Transcribe the entries below exactly, starting with the line that has "Margesherwood ブラックマイ" and stopping after the line that has "两项课题立足陕南乡村教育实际"; no pictures belong in the copy.

Working data:
--------------------
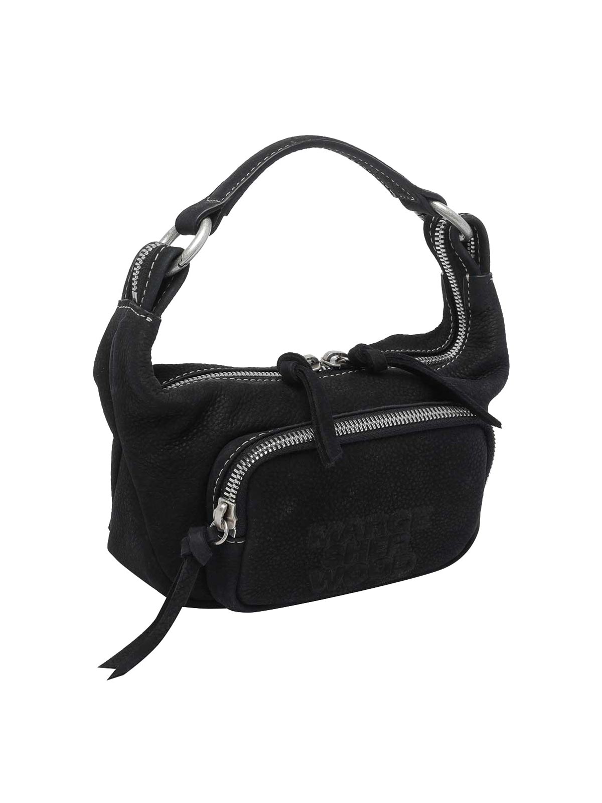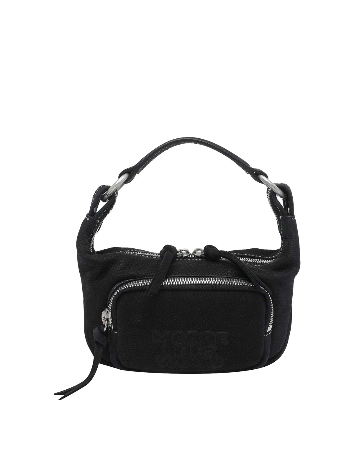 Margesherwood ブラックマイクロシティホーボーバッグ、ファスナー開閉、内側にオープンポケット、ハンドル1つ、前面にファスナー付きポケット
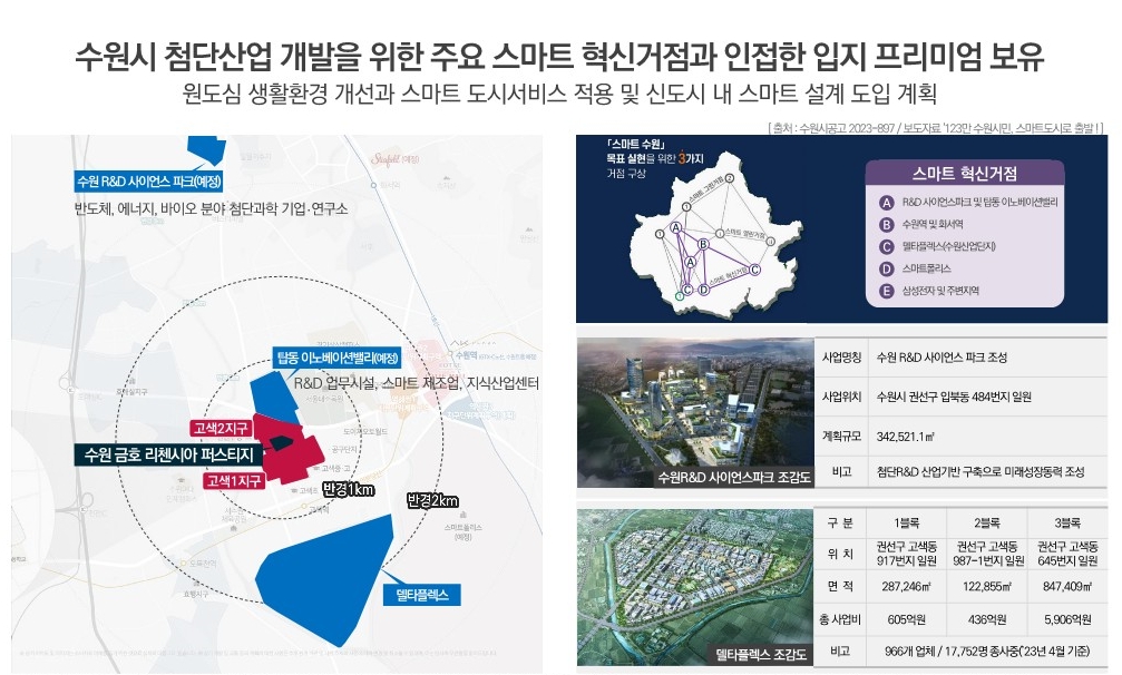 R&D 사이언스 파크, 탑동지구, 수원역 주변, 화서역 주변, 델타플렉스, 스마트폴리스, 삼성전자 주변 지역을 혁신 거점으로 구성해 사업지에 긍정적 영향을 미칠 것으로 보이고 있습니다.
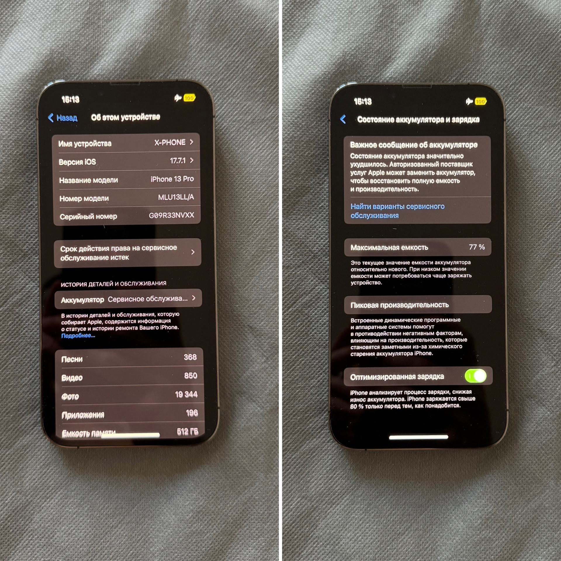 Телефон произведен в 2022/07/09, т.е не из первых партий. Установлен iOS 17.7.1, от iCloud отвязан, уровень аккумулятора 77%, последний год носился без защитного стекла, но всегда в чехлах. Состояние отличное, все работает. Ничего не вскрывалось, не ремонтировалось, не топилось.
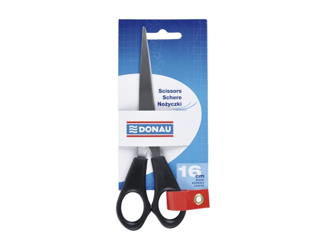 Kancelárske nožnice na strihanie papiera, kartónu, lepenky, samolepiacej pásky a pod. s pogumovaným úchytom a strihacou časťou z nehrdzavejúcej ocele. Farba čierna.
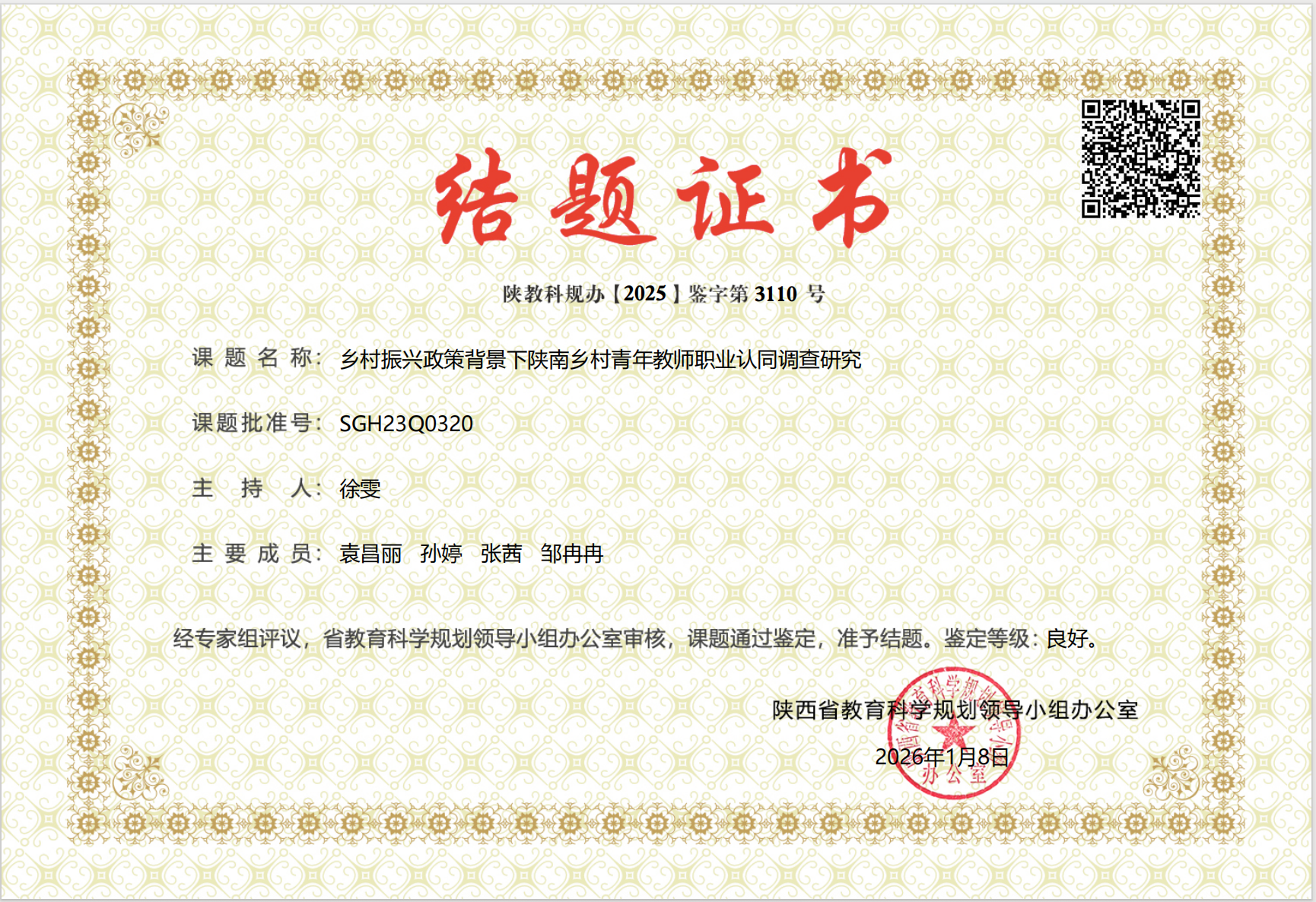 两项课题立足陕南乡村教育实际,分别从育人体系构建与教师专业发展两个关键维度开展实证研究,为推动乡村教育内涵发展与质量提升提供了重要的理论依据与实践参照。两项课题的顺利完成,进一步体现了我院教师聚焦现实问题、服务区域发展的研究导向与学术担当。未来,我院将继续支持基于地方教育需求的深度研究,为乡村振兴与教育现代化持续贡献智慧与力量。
--------------------
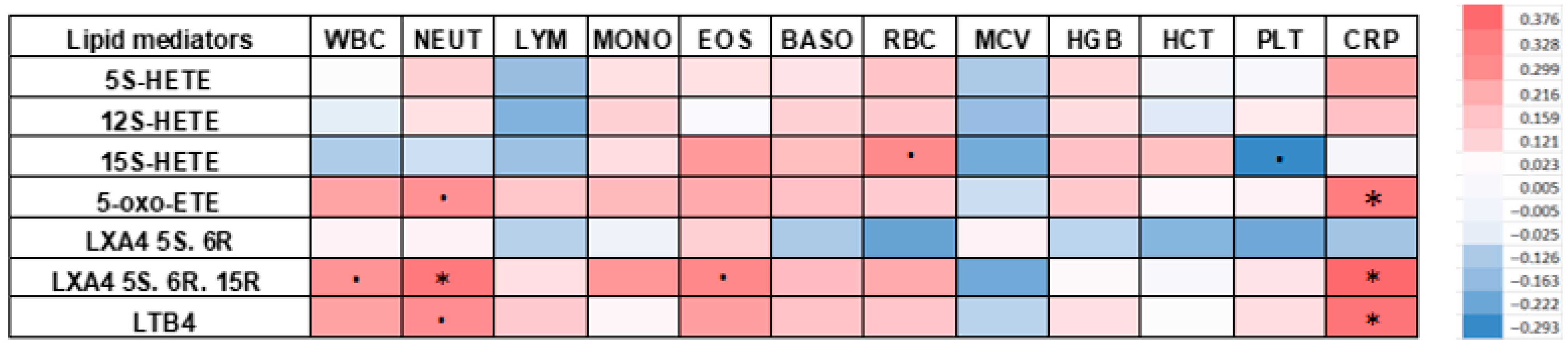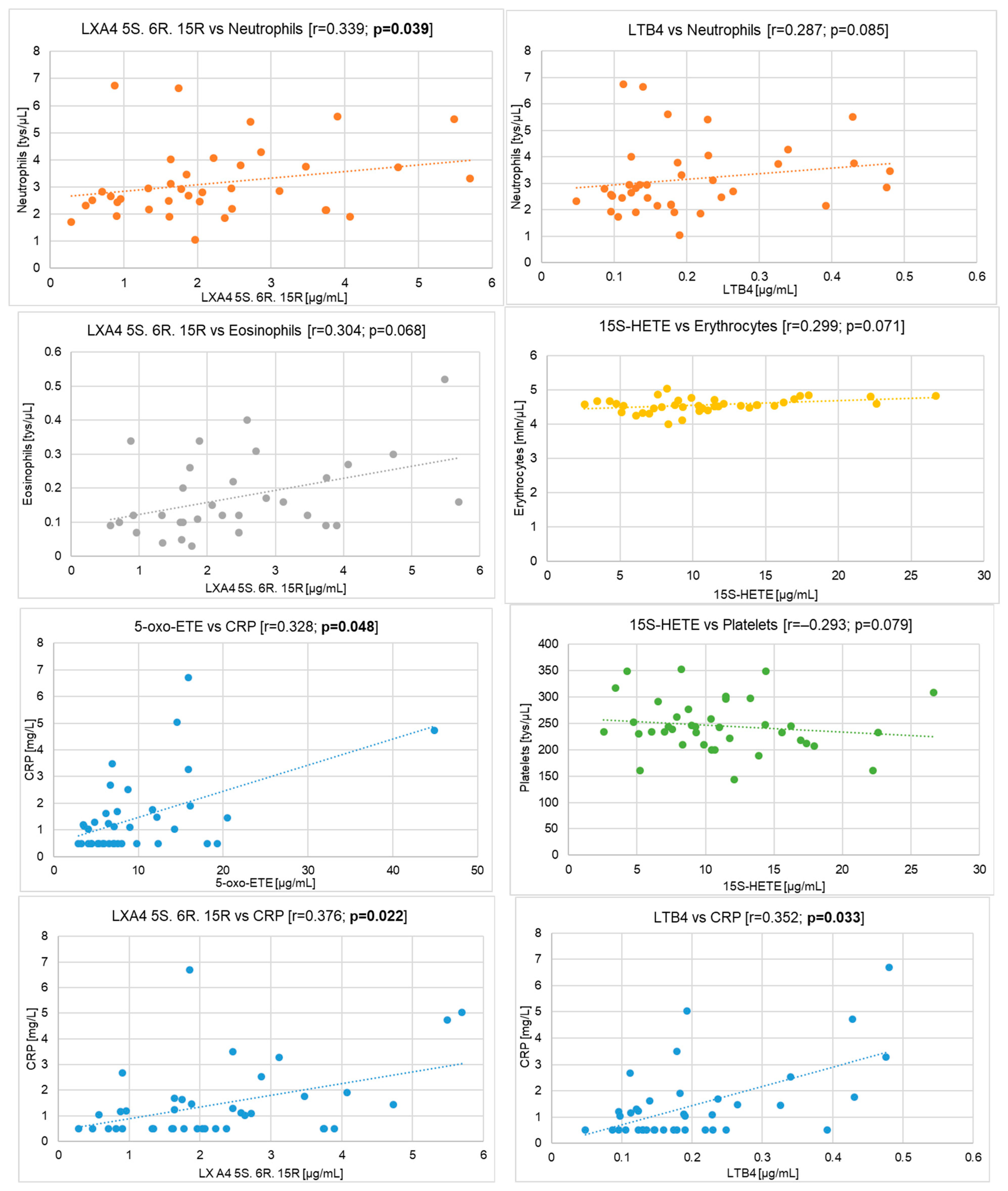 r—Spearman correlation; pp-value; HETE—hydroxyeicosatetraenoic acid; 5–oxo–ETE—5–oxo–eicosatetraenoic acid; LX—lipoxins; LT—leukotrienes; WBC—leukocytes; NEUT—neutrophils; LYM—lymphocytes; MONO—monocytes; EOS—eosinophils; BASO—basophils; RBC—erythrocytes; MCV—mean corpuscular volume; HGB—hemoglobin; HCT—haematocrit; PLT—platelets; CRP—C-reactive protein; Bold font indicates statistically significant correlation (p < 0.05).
--------------------
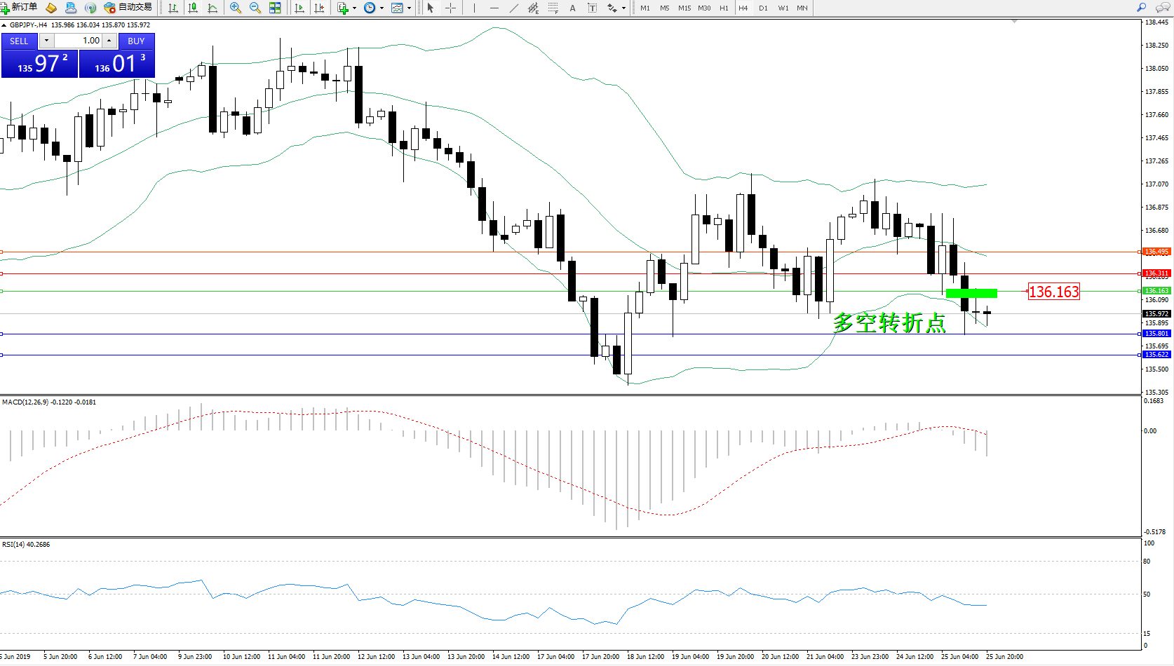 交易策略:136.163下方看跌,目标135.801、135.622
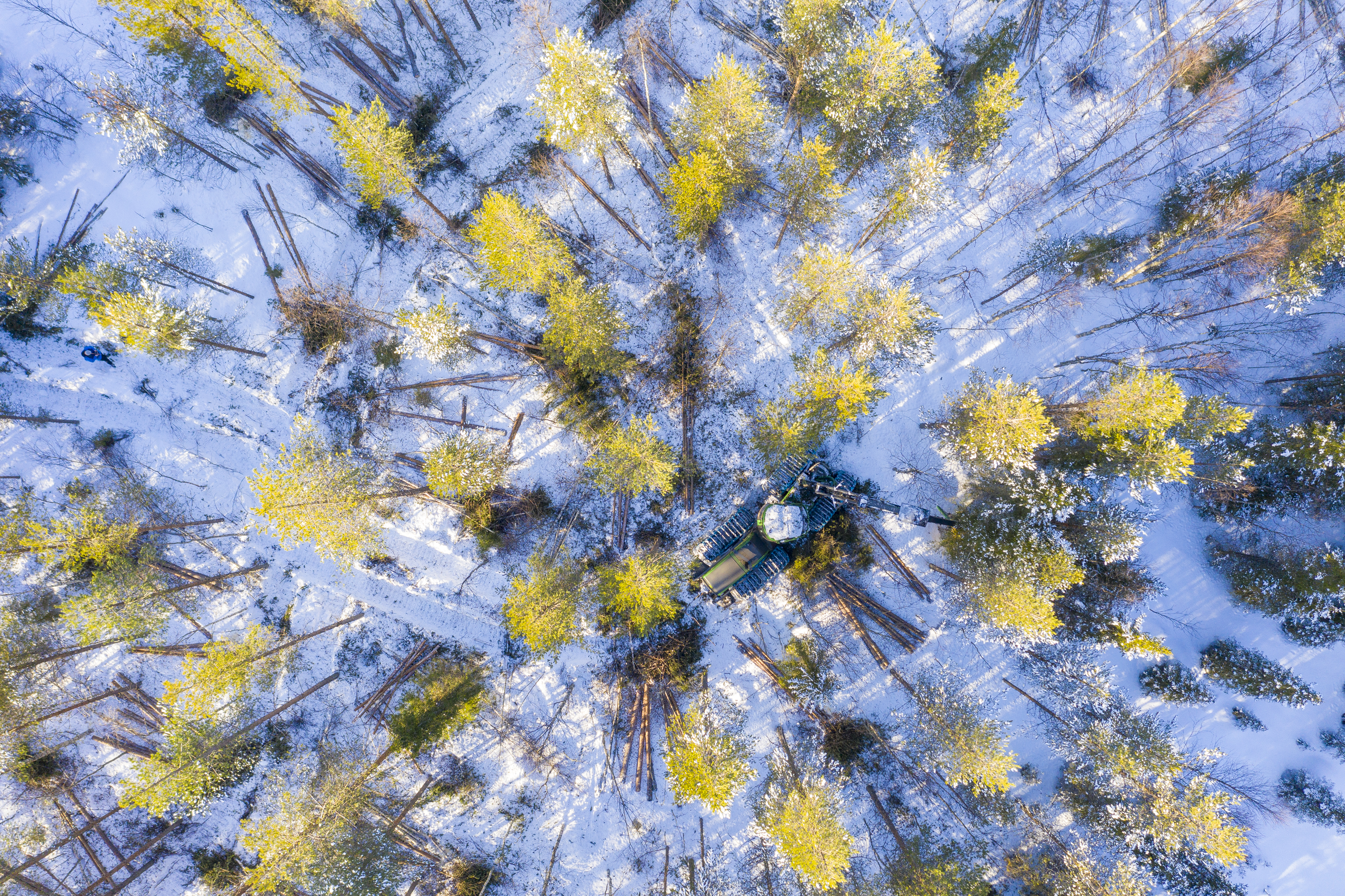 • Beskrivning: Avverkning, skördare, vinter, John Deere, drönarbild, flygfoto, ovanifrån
--------------------
Written solution:
 Margesherwood ブラックマイクロシティホーボーバッグ、ファスナー開閉、内側にオープンポケット、ハンドル1つ、前面にファスナー付きポケット
 R&D 사이언스 파크, 탑동지구, 수원역 주변, 화서역 주변, 델타플렉스, 스마트폴리스, 삼성전자 주변 지역을 혁신 거점으로 구성해 사업지에 긍정적 영향을 미칠 것으로 보이고 있습니다.
 Телефон произведен в 2022/07/09, т.е не из первых партий. Установлен iOS 17.7.1, от iCloud отвязан, уровень аккумулятора 77%, последний год носился без защитного стекла, но всегда в чехлах. Состояние отличное, все работает. Ничего не вскрывалось, не ремонтировалось, не топилось.
 Kancelárske nožnice na strihanie papiera, kartónu, lepenky, samolepiacej pásky a pod. s pogumovaným úchytom a strihacou časťou z nehrdzavejúcej ocele. Farba čierna.
 两项课题立足陕南乡村教育实际,分别从育人体系构建与教师专业发展两个关键维度开展实证研究,为推动乡村教育内涵发展与质量提升提供了重要的理论依据与实践参照。两项课题的顺利完成,进一步体现了我院教师聚焦现实问题、服务区域发展的研究导向与学术担当。未来,我院将继续支持基于地方教育需求的深度研究,为乡村振兴与教育现代化持续贡献智慧与力量。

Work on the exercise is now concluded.